The EP has been officially reissued on CD twice — the four-track version was included as part of the singles box set The First Ten Years, released in 1990, while the five-track version was included on the bonus disc that came with the 1995 reissue of Killers in the US (the European release did not include the Maiden Japan tracks).

== Cover art ==
The original cover depicted the band's mascot, Eddie, holding the severed head of singer Paul Di'Anno. The replacement cover was done on very short notice after Iron Maiden's manager, Rod Smallwood, received a proof for review, and became agitated at Di'Anno's depiction because the band was looking to replace him. Maiden Japan was released in Brazil (in 1981 & a 1985 re-issue) & Venezuela (in 1987) with the original cover and have become collector's items.

==Accolades==
The Rolling Stone Italia named Maiden Japan EP as "The most important and the best metal's live EPs ever". Ultimate Classic Rock placed Maiden Japan on Top 40 Best 1981 Albums List. Maiden Japan EP went platinum in Canada and made it to the charts in many other countries around the world.

== Track listing ==
Production and performance credits are adapted from the EP liner notes.
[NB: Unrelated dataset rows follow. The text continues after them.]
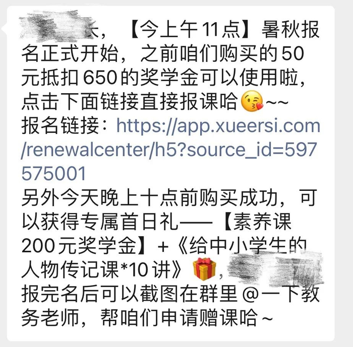 但上述家长并不认同这一道理。“‘暑秋联报’本身是周期行为,为什么要按课时计算?如果这一暑秋课程合规,为何机构APP显示不了报名页面,只能偷偷通过销售老师发送的链接,才能点击。为何提前收取“膨胀金”?为何早于近两个月之前就拼命鼓动家长缴费,设定缴费截止日期?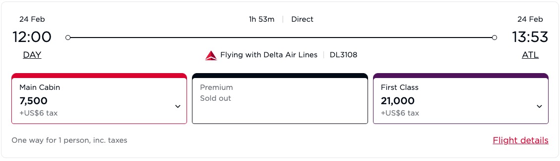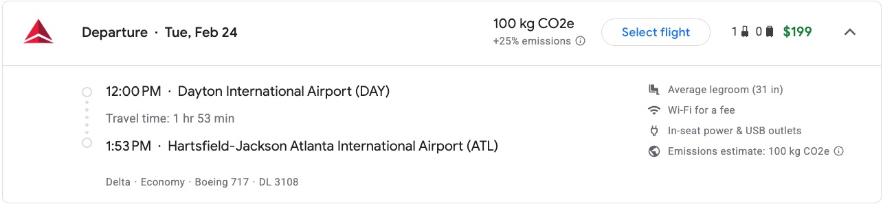 You’ll typically get the highest value for your Chase points by transferring them to these travel partners to book award flights and hotel stays. For example, the flight below from Dayton (DAY) to Atlanta (ATL) costs $199 one way.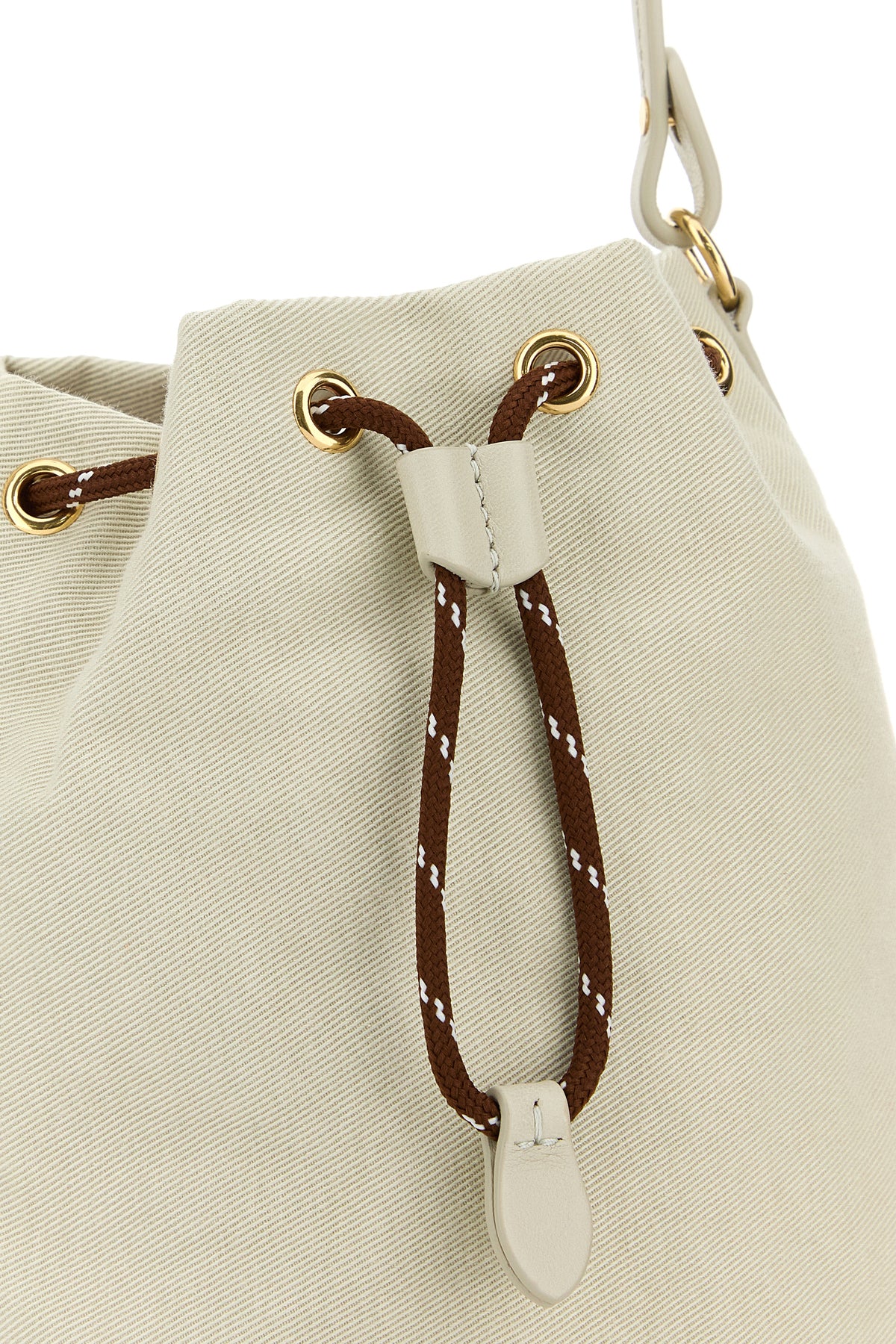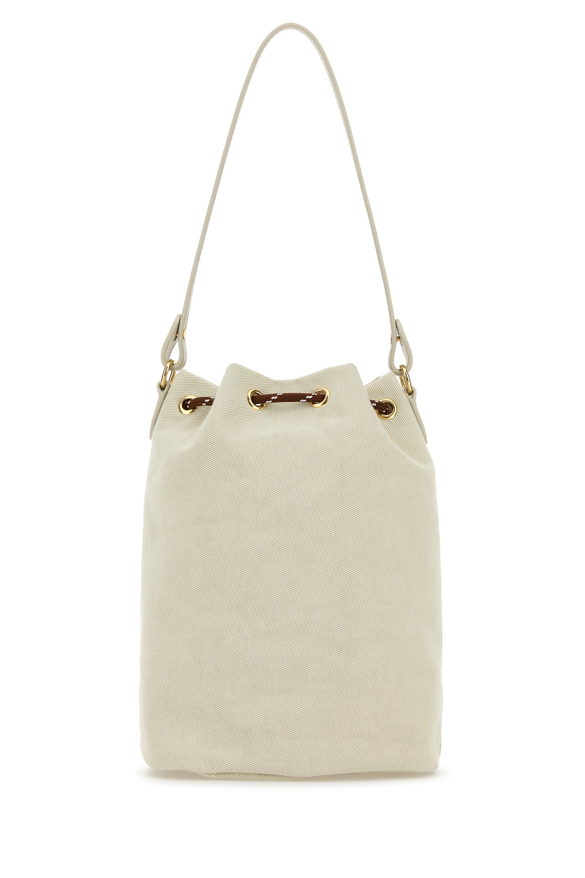 Bucket bag realized in gabardine characterized by tonal embroidered logo at the front.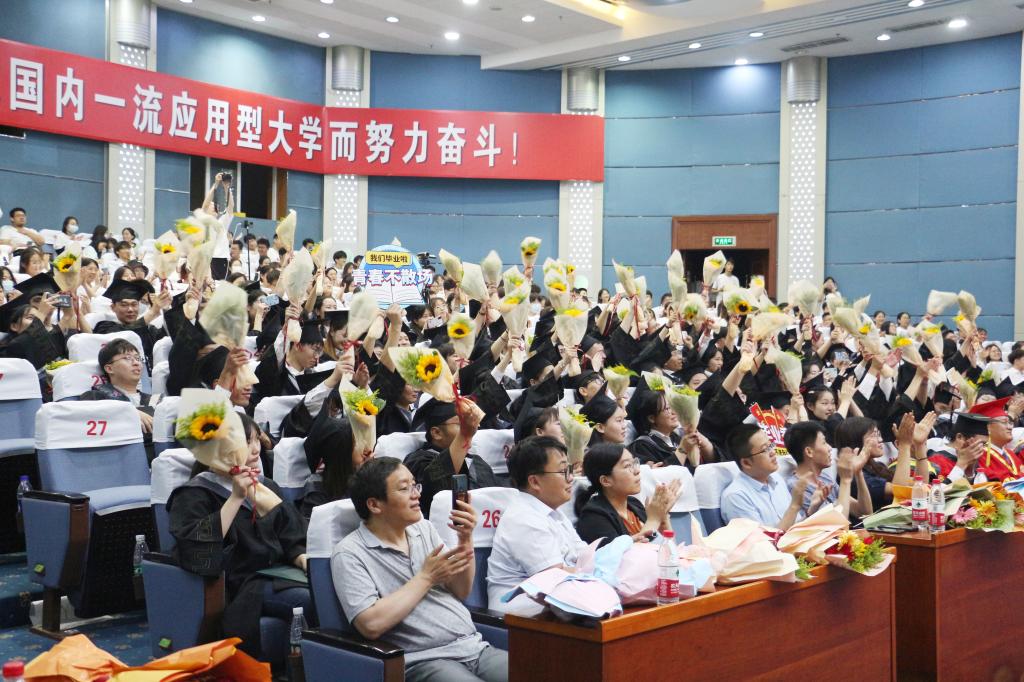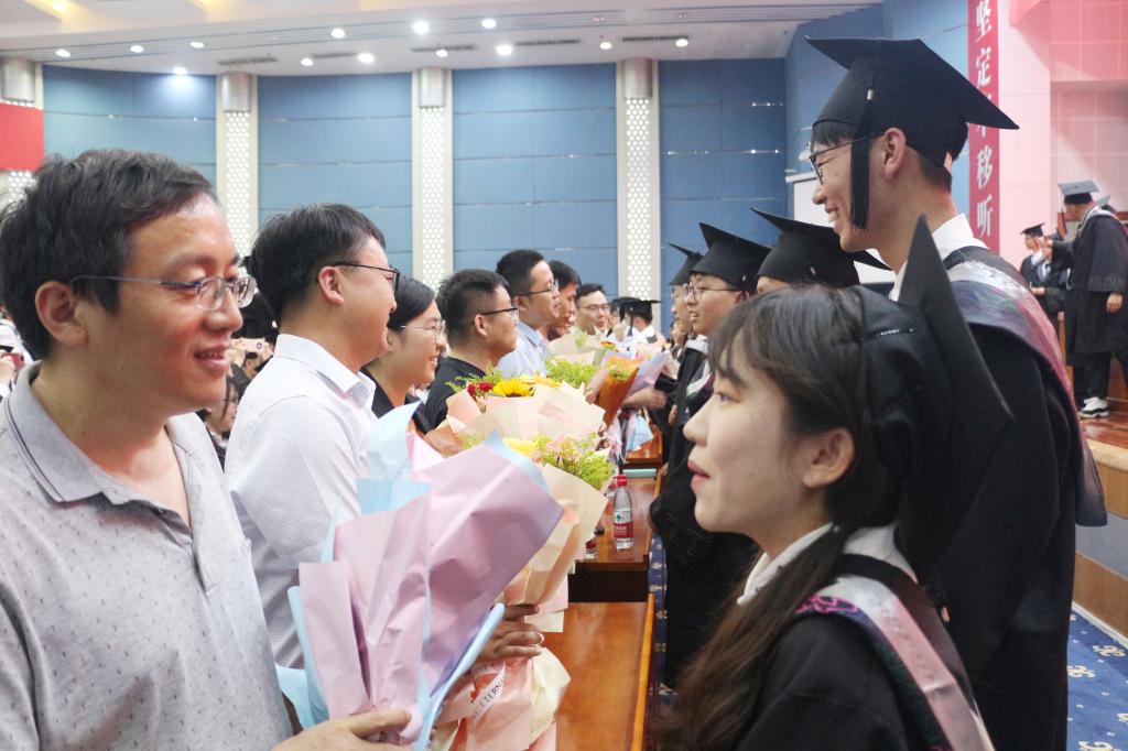 仪式上,获得学士学位的同学们依次上台,校党委委员、统战部部长林勇同志为他们拨穗正冠,并颁发学士学位证书和一束向日葵花,表达了对每一位学生的衷心祝贺,期盼学生在挥手告别学校后,成为一位有理想、有道德、有文化、有纪律的“四有青年”,并祝愿每位同学如盛开的向阳花,此去一生向阳,前程锦绣!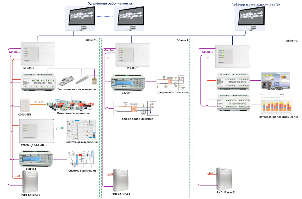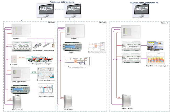 В данном случае контроллеры М3000-Т обрабатывают информацию, поступающую с оборудования подключённых к ним объектов. Сеть Ethernet в данном случае понимается в широком смысле как среда, т.е. контроллеры М3000-Т могут располагаться в разных точках этой среды, включая удалённые подключения, а также рабочие места могут быть как локальными, так и удалёнными в зависимости от решаемой задачи. При использовании контроллером М3000-Т SCADA системы Master SCADA-4D компании Инсат для отображения на рабочих местах могут использоваться любые интернет браузеры (кроме Internet Explorer).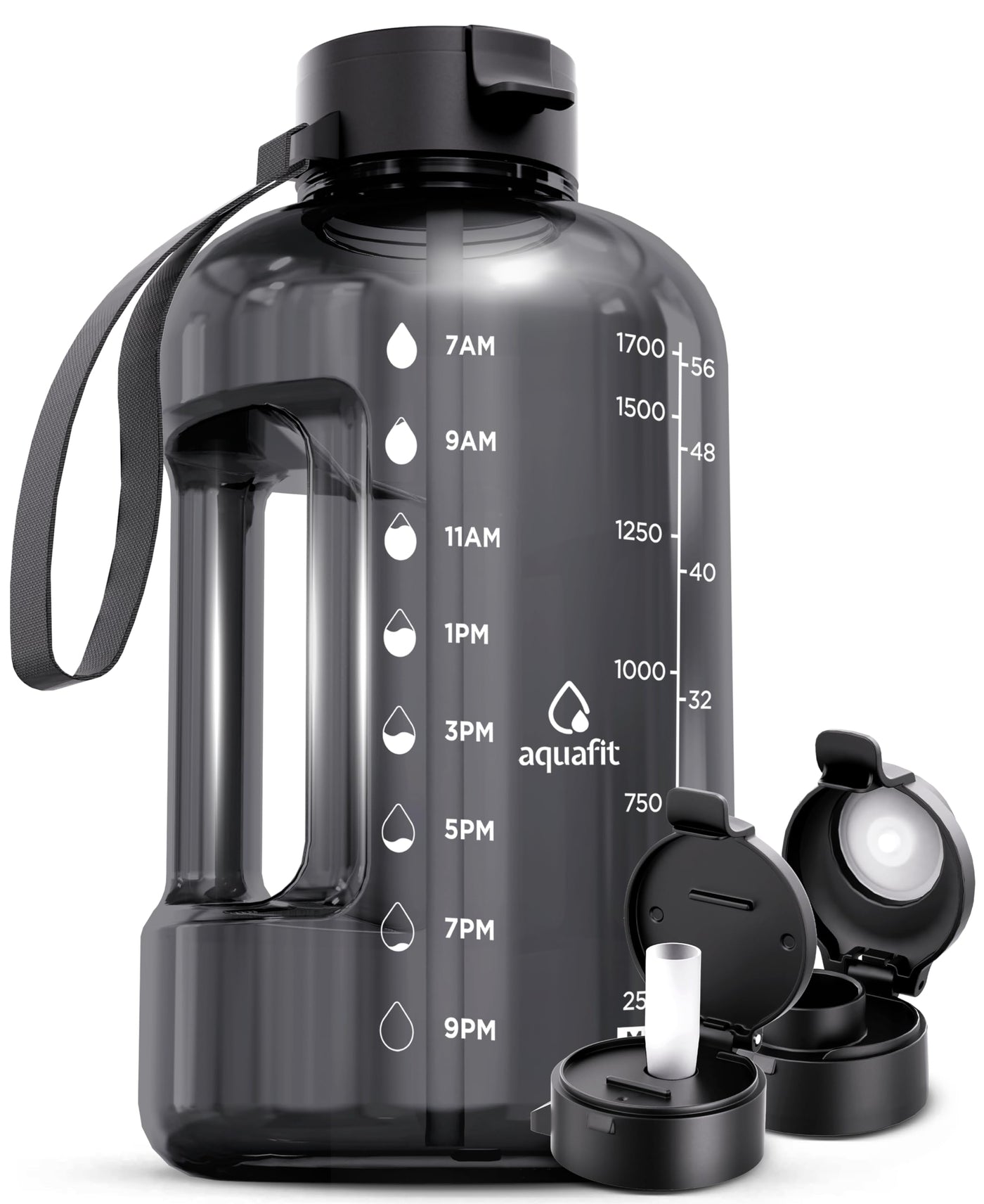 Aquafit 64 Oz Water Bottle With Time Marker - Straw & Chug Lid - Bpa Free Half Gallon Water Bottle, Big Water Bottle With Straw,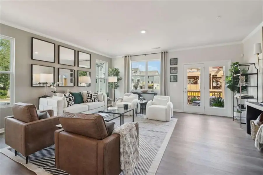 Welcome to The Overlook at Peachtree Corners, where modern design meets everyday convenience. This brand-new, three-story townhome offers 4 spacious bedrooms, 3 full bathrooms, and a convenient half bath, perfectly designed for today's lifestyle. The open-concept main level is bright and inviting with Revwood flooring throughout the main living area, featuring a contemporary kitchen with 42" soft-close cabinetry, quartz countertops, a large center island, and stainless-steel appliances, ideal for both entertaining and daily living. The top-floor owner's suite provides a private retreat with an en-suite bath and a generous walk-in closet. Two additional upstairs bedrooms share a full bath, while the lower-level bedroom offers flexibility as a guest suite, home office, or private retreat. Ideally located in the heart of Peachtree Corners, enjoy quick access to I-285 and I-85, premier shopping at The Forum, and a wide variety of dining and entertainment options. Additional highlights include a rear-entry two-car garage, low-maintenance living, and stylish finishes throughout. This townhome delivers the perfect blend of convenience, style, and location-modern living close to everything you love.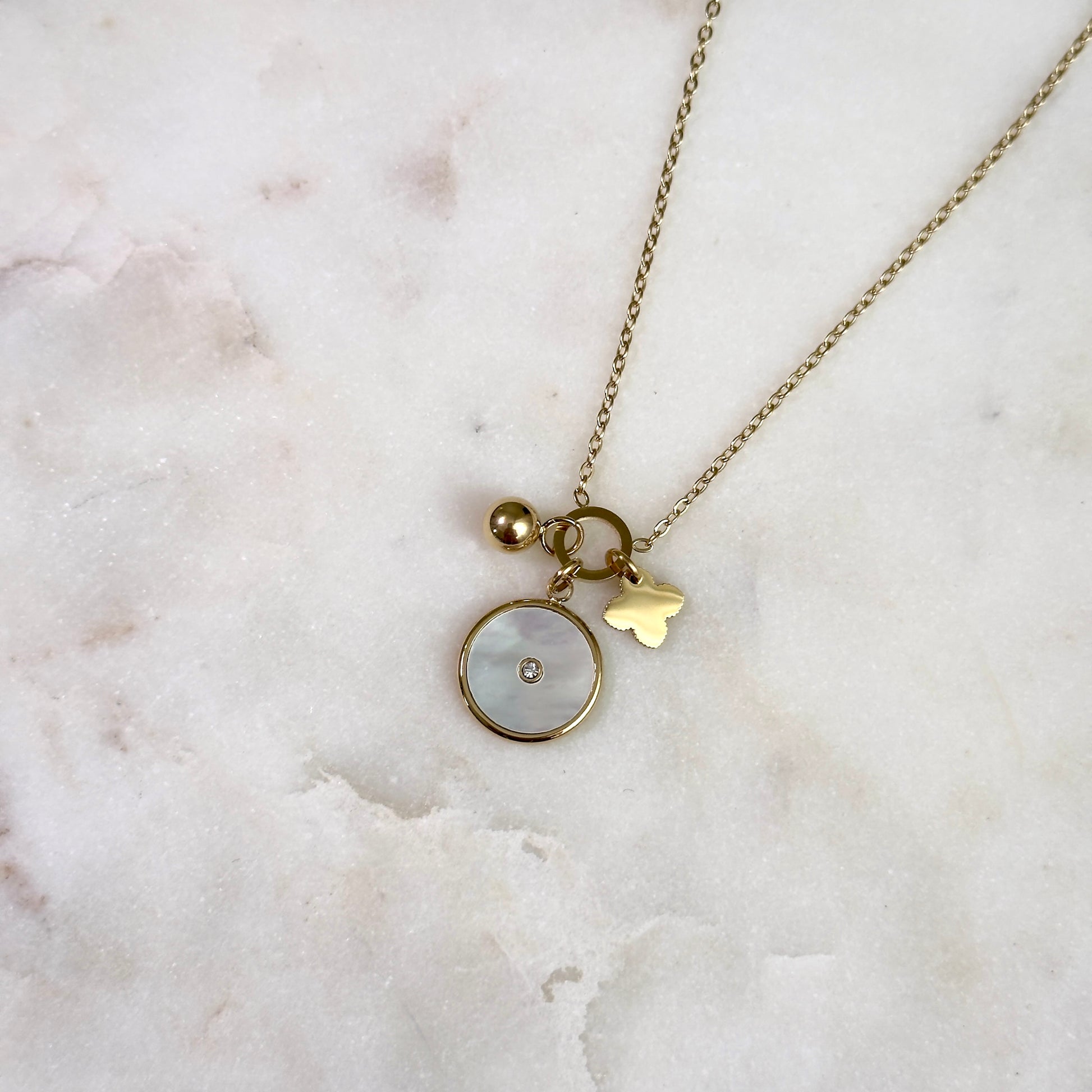 Le collier Noely incarne l’élégance douce et lumineuse. Son pendentif rond en nacre orné d’un strass central capte la lumière avec subtilité, tandis que le trèfle doré symbolise la chance et la féminité.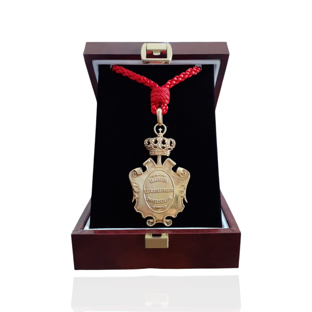 Distintivo académico de alta relevancia, elaborado en metal con acabado en baño de oro, símbolo de la más alta jerarquía universitaria. Esta medalla representa la excelencia académica, la autoridad docente y el reconocimiento a la trayectoria intelectual dentro del ámbito universitario.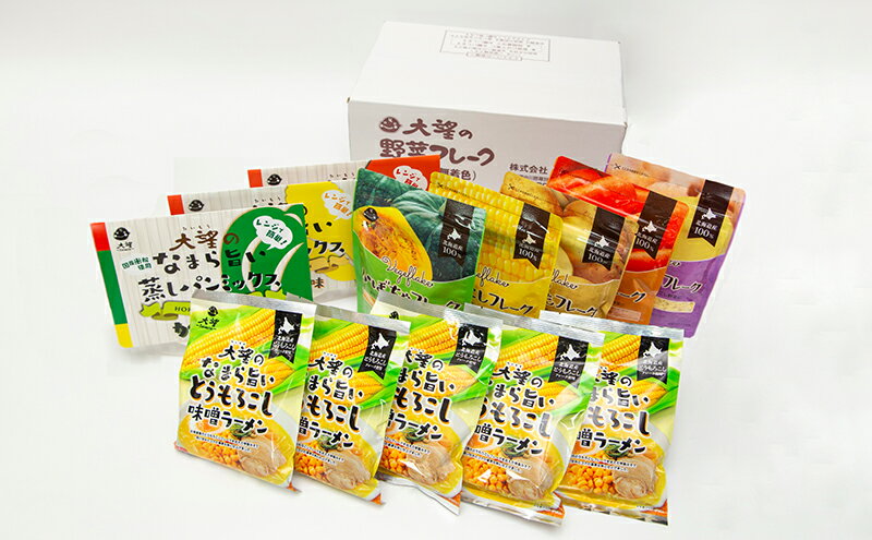 【ふるさと納税】【年末限定】北海道 十勝[野菜フレークの大望]野菜グルメ福箱 時短グルメセット(フレーク5種・ラーメン5食・蒸しパン3種)2026年1月より発送【 フレーク 離乳食 時短 野菜 ペースト 赤ちゃん 料理 】 お届け:2026年1月より発送開始
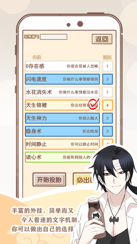 3.随机的分配不同的属性,达成各种结局,给你带来不同的结果。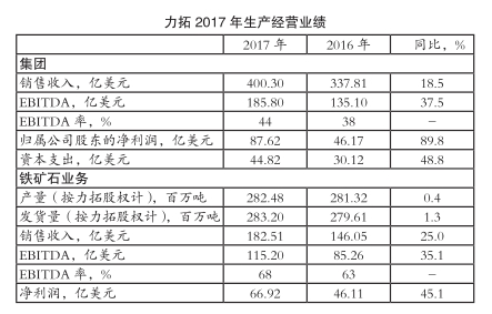 力拓首席执行官让-塞巴斯蒂安-雅克(Jean-Sebastien Jacques)在公布2017年业绩时表示,2017年国际市场铁矿石和焦煤均价较2016年上涨,同时其他大宗商品市场价格适度复苏,但是受一季度澳大利亚灾害天气影响,铁矿石产量和发货量仅同比小幅增长。尽管如此,力拓凭借国际一流的优质铁矿石资产,并通过提高生产效率及相关基础设施利用率进一步降低生产成本,这使力拓EBITDA和现金流持续增长,财务稳健性进一步增强。2017年,力拓营运现金流达到139亿美元,自由现金流增至95亿美元(其中4亿美元来自生产效率提高)。截至2017年12月31日,力拓集团净债务总额降至38亿美元。
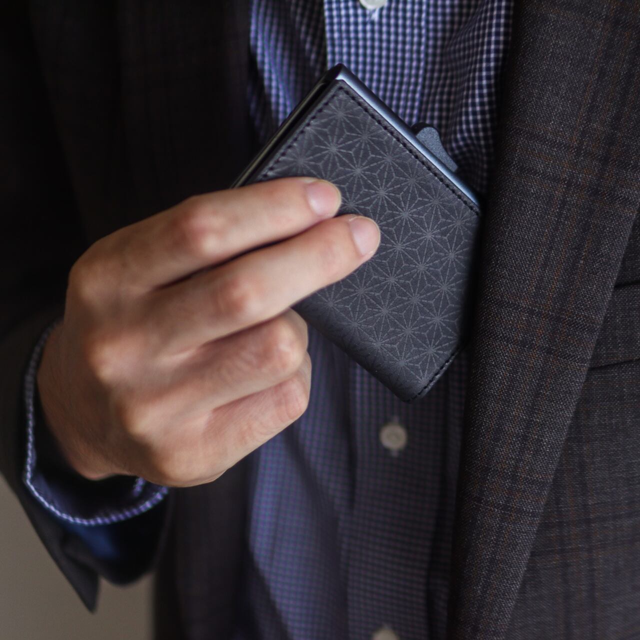 江戸時代から受け継がれる小紋柄を型押しした革を使用し、見る角度や光の当たり方によって異なる表情を楽しめる逸品です。
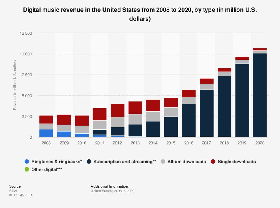 In 2020, revenue from digital album downloads amounted to $319.5 million, which was less than half the figure recorded in 2016. Subscription and streaming revenues have been increasing annually and reached $10.07 billion in 2020, making up the vast majority of revenues for the entire music industry.

=== European and Japanese edition ===

Side one
| No. | Title | Length |
|---|---|---|
| 1. | "Running Free" | 2:48 |
| 2. | "Remember Tomorrow" | 5:27 |

Side two
| No. | Title | Writer(s) | Length |
|---|---|---|---|
| 3. | "Killers" |  | 4:39 |
| 4. | "Innocent Exile" | Harris | 3:44 |
| Total length: |  |  | 16:38 |

=== International edition ===

Side one
| No. | Title | Length |
|---|---|---|
| 1. | "Running Free" | 2:48 |
| 2. | "Remember Tomorrow" | 5:27 |

Side two
| No. | Title | Writer(s) | Length |
|---|---|---|---|
| 3. | "Wrathchild" | Harris | 2:52 |
| 4. | "Killers" |  | 4:39 |
| 5. | "Innocent Exile" | Harris | 3:44 |
| Total length: |  |  | 19:30 |

== Personnel ==
- Paul Di'Anno – lead vocals
- Dave Murray – guitar
- Adrian Smith – guitar, backing vocals
- Steve Harris – bass, backing vocals
- Clive Burr – drums

=== Production ===

- Doug Hall – producer, engineer
- Hiro Ohno – photography
- Rod Smallwood – management, photography

== Chart performance ==

| Title | Chart (1981) | Peak position |
|---|---|---|
| "Maiden Japan" | UK Singles Chart | 43 |
| "Maiden Japan" | Billboard 200 | 89 |
| Title | Chart (1990) | Peak position |
| "Purgatory / Maiden Japan" | UK Albums Chart | 5 |

==Certifications==

| Region | Certification | Certified units/sales |
| Canada (Music Canada) | Platinum | 100,000^{^} |
^{^} Shipments figures based on certification alone.